正しく言葉が拾えない世界で、キミは怖かった

「野乃花ちゃんだよね?」

周囲が異常事態にざわめき、あたりには緊張感が漂う。

野乃花は鼻を鳴らし、眼鏡の向こう側で目を鋭くさせていた。

「気づくのおっそ」

「え……でも野乃花ちゃんは転校して……。この学校にいつから?」

「親の転勤で戻ってきたの。特進コースよ」

「そっか。……久しぶりだね、野乃花ちゃん」

「どの口が言うか。 サイコパス野郎め」

「返す言葉もない」


その会話に私は何も言えない。

彼はひたすら毒を吐かれ、すっかり小さく背中を丸めていた。

周りは爽やかで明るい彼が何かしたのかと興味津々な様子で眺めている。

状況がわかっていないので、野次馬根性で誰も口出しをしない。

奇妙な光景に私の背中からはダラダラと汗が流れていた。


「ふん、自覚はしたんだ。
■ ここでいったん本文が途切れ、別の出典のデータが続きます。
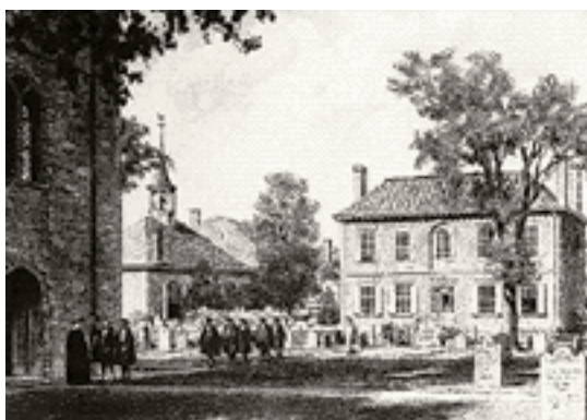
Columbia's first home, Trinity Schoolhouse

support the brightest Characters in all the elevated stations in life." One early manifestation of the institution's lofty goals was the establishment in 1767 of the first American medical school to grant the M.D. degree.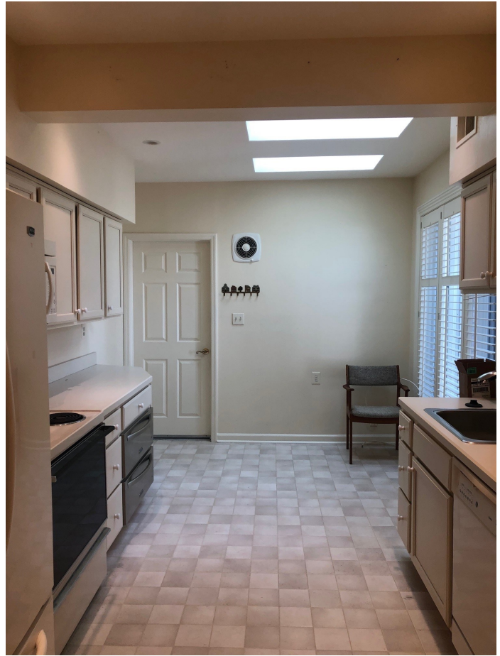
Spacious Living/Dining Room with Wood Burning Fireplace Eat-in Kitchen with Skylights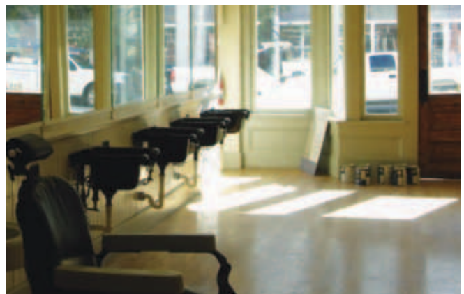
The rehabilitation of the historic Odd Fellows Building included the retention of the Capitol Barber Shop. Even the vintage barber chair and sink remain.

Not only were historic features preserved, such as original board ceilings and a vintage barber chair and sink, but the developers also retained the Capitol Barber Shop, one of the anchors of the community, as a tenant.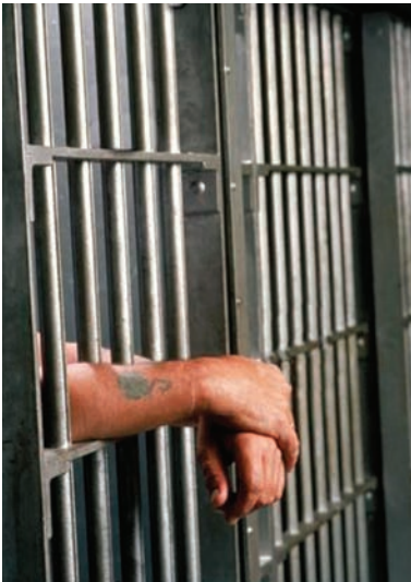
A prisoner serving a life sentence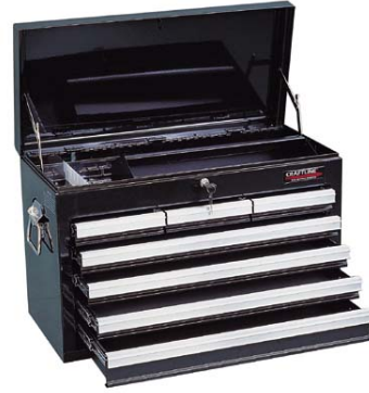
PL222-7BX 26" W x 12" D x 17" H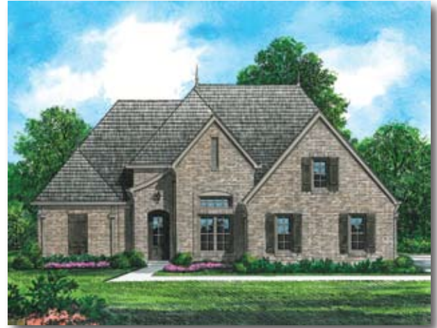
Artist rendering only and subject to change.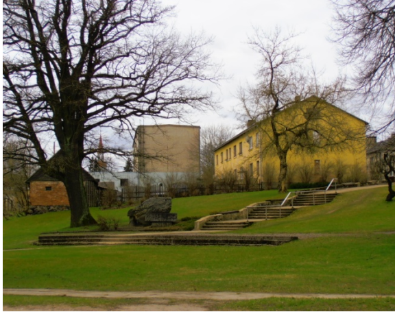
3. "400 Years of Valga-Valka" memorial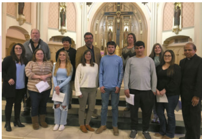
OCQA Rite of Election at the Cathedral of St. Francis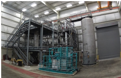
CBTL Pilot Equipment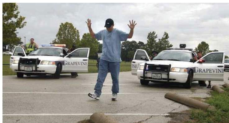
Arrest of Suspect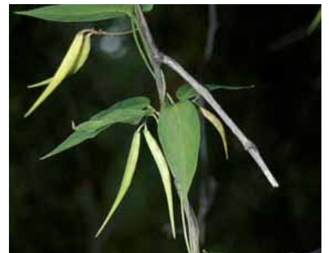
Swallow-wort pods form abundantly in July and August

Contact Cornell Cooperative Extension of Jefferson County at 788-8450 with questions about swallow-wort biology, specifics on removal or chemical controls.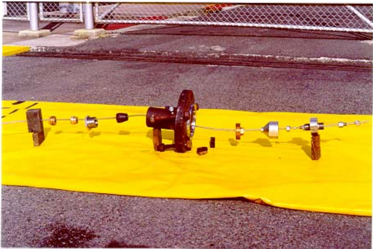
Figure 3: Inhibition System. Dispersion Head.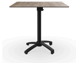
Hpl Ashen Oak Table 80x80 Fall Black Leg 05023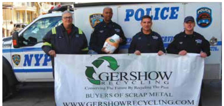
NYPD Emergency Services Unit.

でも許されると思わないでよ」

「……ごめん」

「今さら遅いのよ! あんた本当にムカつく!」

これはちょっとした騒ぎではないと周りがどよめきだす。

なぜ、このような事態になっているか理解できないが、見ていられない。

私はいつも彼に守られ、優しくしてもらっている。

彼を守りたいと、本能が動いた。


「……っ武藤さん?」

「け、ケンカはやめて……」


まるで一方的に彼が悪者扱いだ。

真実はどうであれ、私は彼のやさしさを知っている。

彼だけが責められる姿は見ていたくなかった。

対して野乃花は胸の前で腕組みをする。


「なに、彼女を懐柔でもした!? またイジれる女の子でも見つけてひとりよがりで満足しようとしてるの!?」


八重歯が見えるほどに歯向かう野乃花に私は肩がすくみそうになる。

野乃花の攻撃範囲が広くなると、途端に彼は拳を握って前に歩み出た。

すっかり腹を立てて、ぷんすかと煙を出している。

「武藤さんは関係ないだろ!? これはオレの問題なんだから!」

「また他の誰かが傷つくとわかってて見過ごせるわけないでしょ!」

野乃花がスカートのポケットに手を突っ込んだかと思えば、中からゴムくさいマスクが顔を出す。

軌道に迷いのない動きで中年男性の顔マスクが彼の顔面に飛んでいく。

もはや中年男性いじめと言っても過言ではない。